- **WORK TO BE COMPLETED**:
Your task is to reproduce, verbatim and without pictures, the lines from the opening of the listing through the line containing "OK, your in".

- **DATA EXTRACT**:
↓↓↓

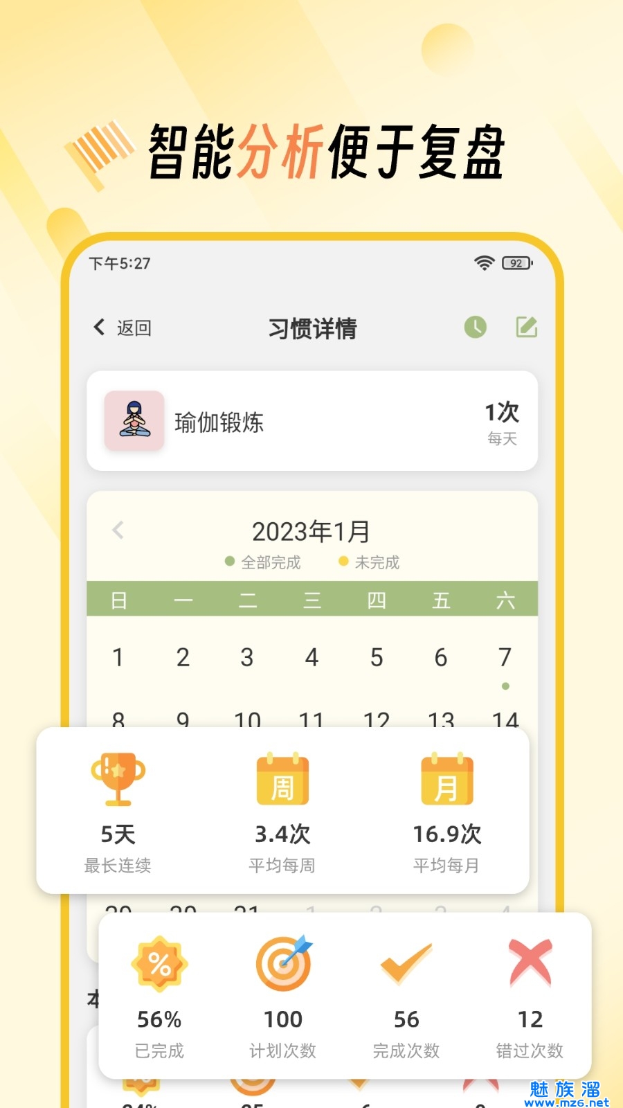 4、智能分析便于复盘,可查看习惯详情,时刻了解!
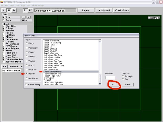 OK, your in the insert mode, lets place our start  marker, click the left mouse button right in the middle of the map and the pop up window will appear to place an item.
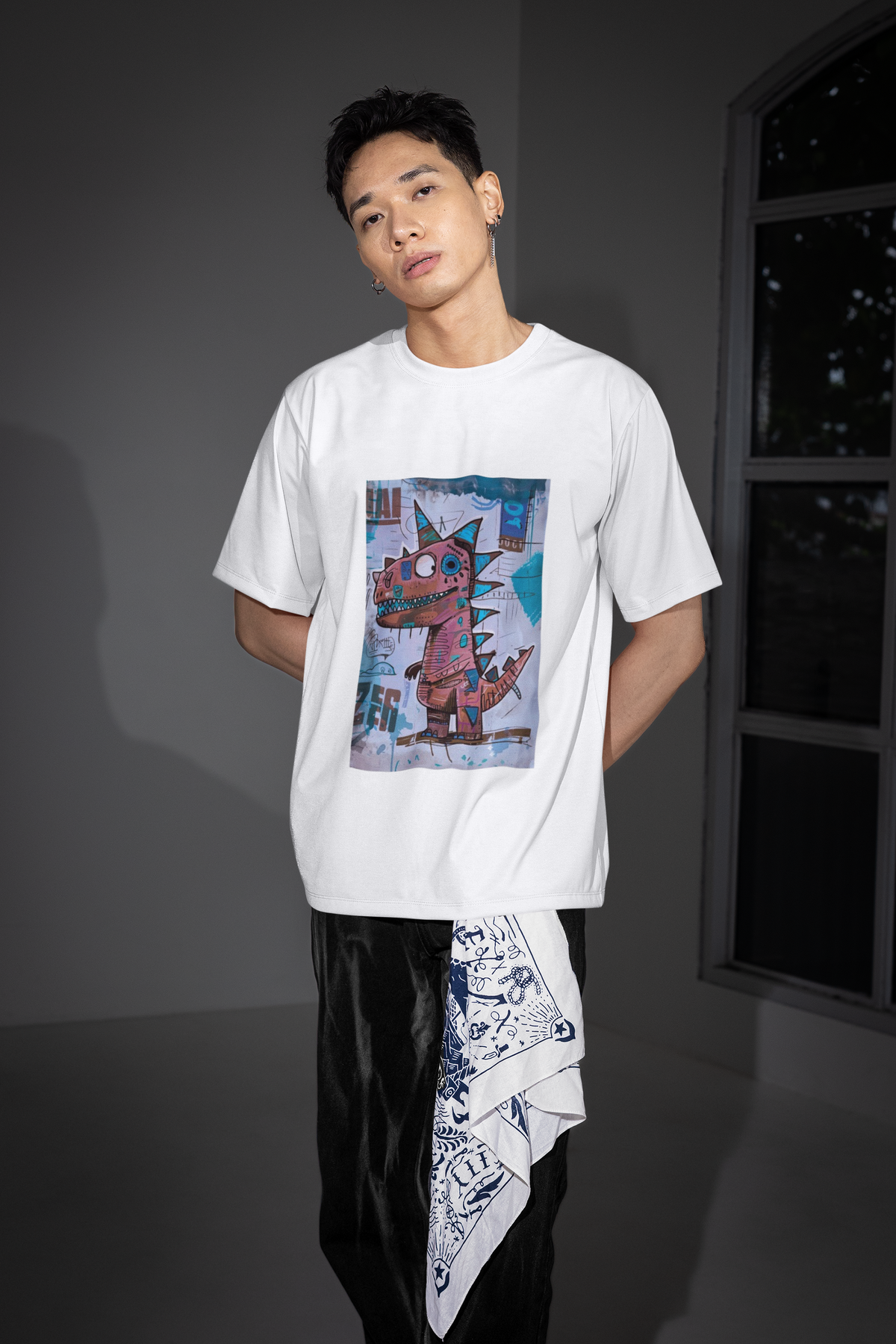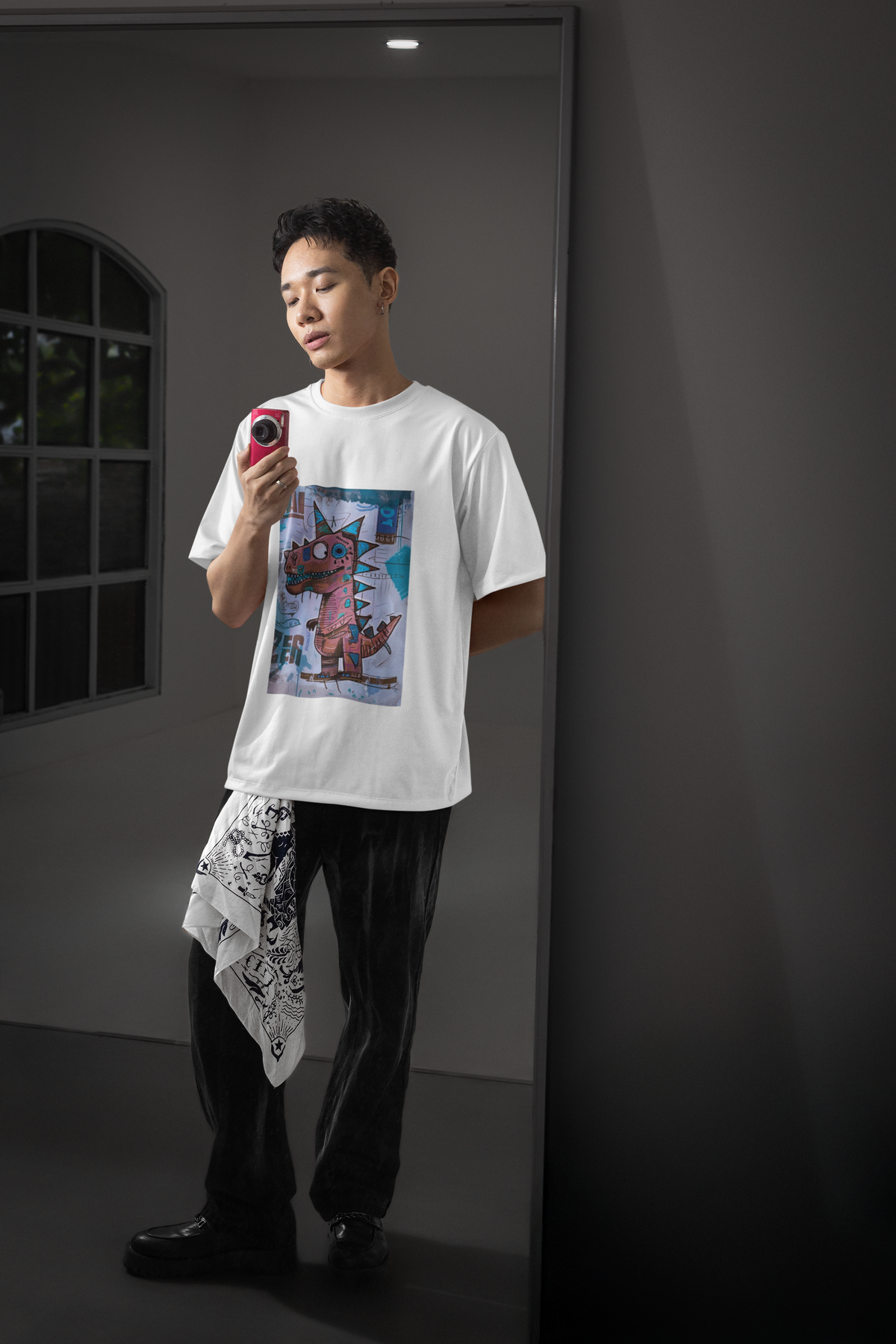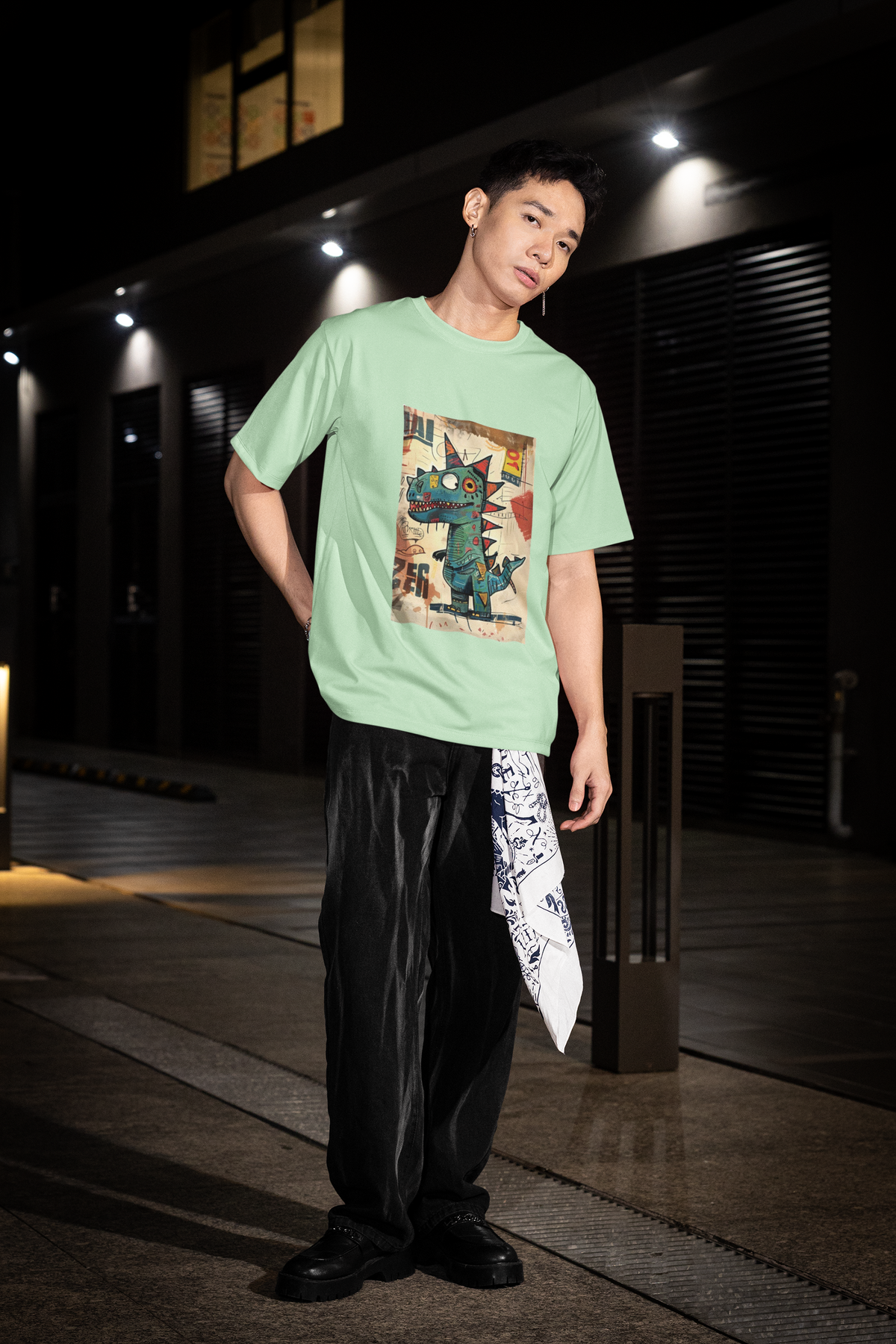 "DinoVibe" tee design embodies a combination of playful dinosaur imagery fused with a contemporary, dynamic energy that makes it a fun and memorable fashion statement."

↑↑↑

- **ANSWER TO THIS EXERCISE**:
 4、智能分析便于复盘,可查看习惯详情,时刻了解!
 OK, your in the insert mode, lets place our start  marker, click the left mouse button right in the middle of the map and the pop up window will appear to place an item.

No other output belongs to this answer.